Pasting an image works the same way — tap and hold in a compatible text field or app, then tap Paste. Not every app accepts image pastes, so results vary depending on where you're pasting.
Using Keyboard Shortcuts (With an External Keyboard or iPad-Style Input)
If you have a Bluetooth keyboard connected to your iPhone, standard keyboard shortcuts apply:
| Action | Shortcut |
|---|---|
| Copy | ⌘ + C |
| Cut | ⌘ + X |
| Paste | ⌘ + V |
| Select All | ⌘ + A |
| Undo | ⌘ + Z |
These work exactly as they would on a Mac and significantly speed up text-heavy workflows.
The Shake to Undo Feature
Made a mistake after pasting? Shake your iPhone to trigger the Undo prompt. This works in most text fields and is a quick way to reverse an accidental paste or cut. You can also tap Edit > Undo in apps that support it, or use a three-finger swipe left as an undo gesture on iOS 13 and later.
Universal Clipboard: Copy on One Apple Device, Paste on Another 📋
If you use multiple Apple devices signed into the same Apple ID with Handoff enabled, the Universal Clipboard feature lets you copy something on your iPhone and paste it on your Mac (or iPad), and vice versa.
For this to work:
- Both devices need to be on the same Wi-Fi network (or Bluetooth range)
- Handoff must be enabled in Settings > General > AirPlay & Handoff
- Both devices need to be signed into the same iCloud account
The pasted content appears within a short window — typically around two minutes — before the universal clipboard clears.
Where It Gets Variable
The copy-paste experience on iPhone is consistent at its core, but a few factors affect how smoothly it works in practice:
- iOS version — Gesture-based text editing (three-finger pinch to copy, spread to paste) was introduced in iOS 13. Older operating systems use only the tap-and-hold method
- App behavior — Some apps restrict copying for content protection reasons (streaming services, banking apps, certain PDFs)

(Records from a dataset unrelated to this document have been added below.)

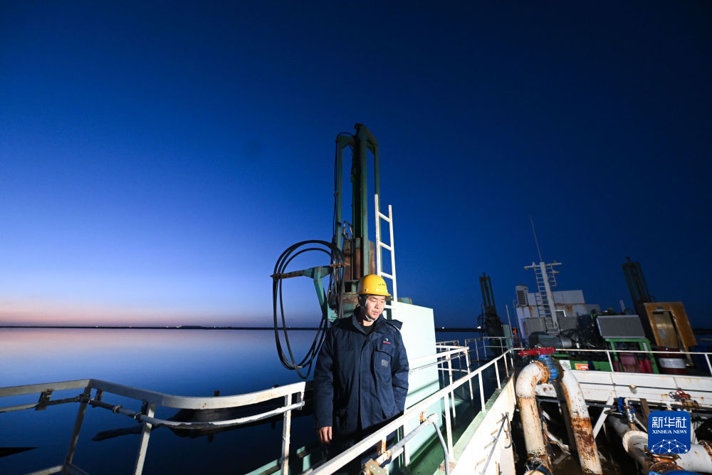 賀連福在水采船上檢查設備運行情況。新華社記者 張龍 攝
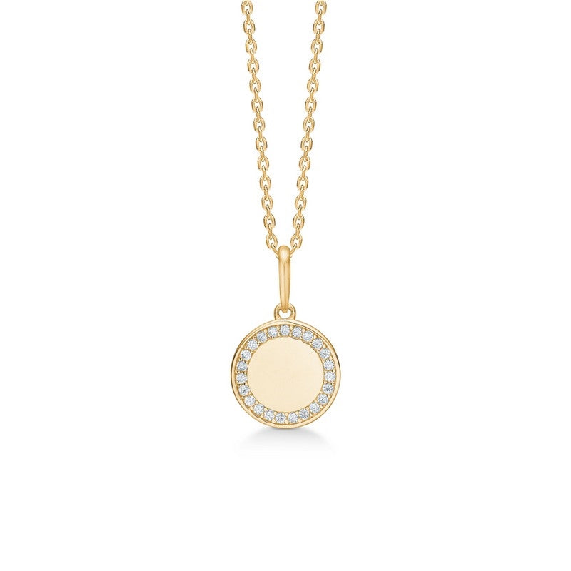 Dette fine Cara vedhæng er udført i 8 karat guld og prydet hele vejen rundt i kanten med funklende, klare zirkonia, der fanger lyset smukt fra alle vinkler. Vedhænget har en raffineret, minimalistisk form, der gør det oplagt både til hverdag og særlige anledninger. Bagsiden giver mulighed for indgravering, så du kan tilføje en personlig besked eller et navn, hvilket gør smykket til et helt særligt minde. Cara vedhænget er en del af Mads Z’s populære White Label kollektion, hvor klassiske materialer og enkelt design går hånd i hånd – skabt til dig, der sætter pris på kvalitet og diskrete detaljer.
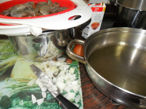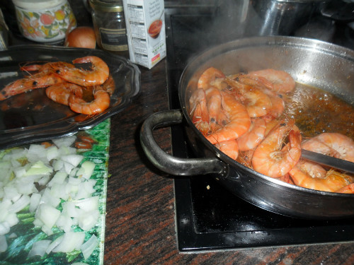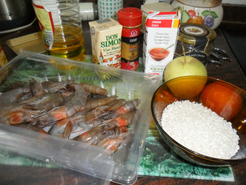 preparar los ingredientes, si los langostinos son congelados descongelarlos antes, si son frescos, lavar y escurrir
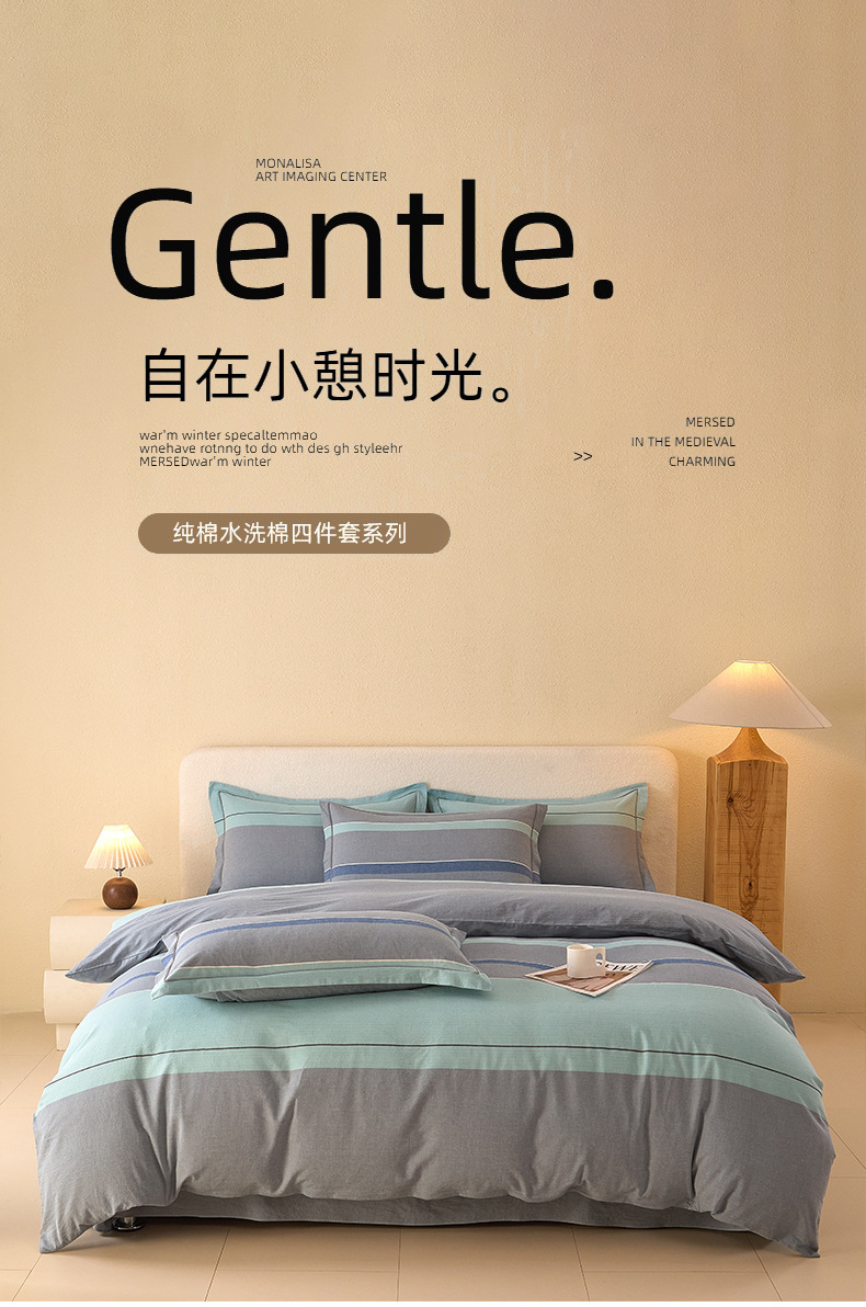 Juego de cuatro piezas de cama de algodón puro en la temporada escolar 2025 nuevo juego de tres piezas de ropa de cama de otoño y primavera
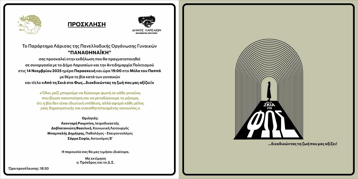 Το Παράρτημα Λάρισας της Πανελλαδικής Οργάνωσης Γυναικών «ΠΑΝΑΘΗΝΑΪΚΗ» πραγματοποιεί την πρώτη του εκδήλωση με τίτλο «Από τη σκιά στο φως… διεκδικώντας τη ζωή που μας αξίζει!», την Παρασκευή 14 Νοεμβρίου 2025, στις 19:00, στον Μύλο του Παππά, με θέμα τη βία κατά των γυναικών.

- Text field type — Password fields and some custom input areas may not support standard paste
- Content type — Copying rich text with formatting may lose that formatting when pasted into a plain-text field
- Universal Clipboard reliability — Depends on network conditions, device proximity, and whether Handoff is active on both ends
The mechanics themselves are straightforward. What varies is how well a given app supports the native iOS clipboard — and whether the content type you're working with behaves the way you expect. Your own workflow, the apps you rely on most, and the iOS version running on your device all shape what that experience actually looks like day to day.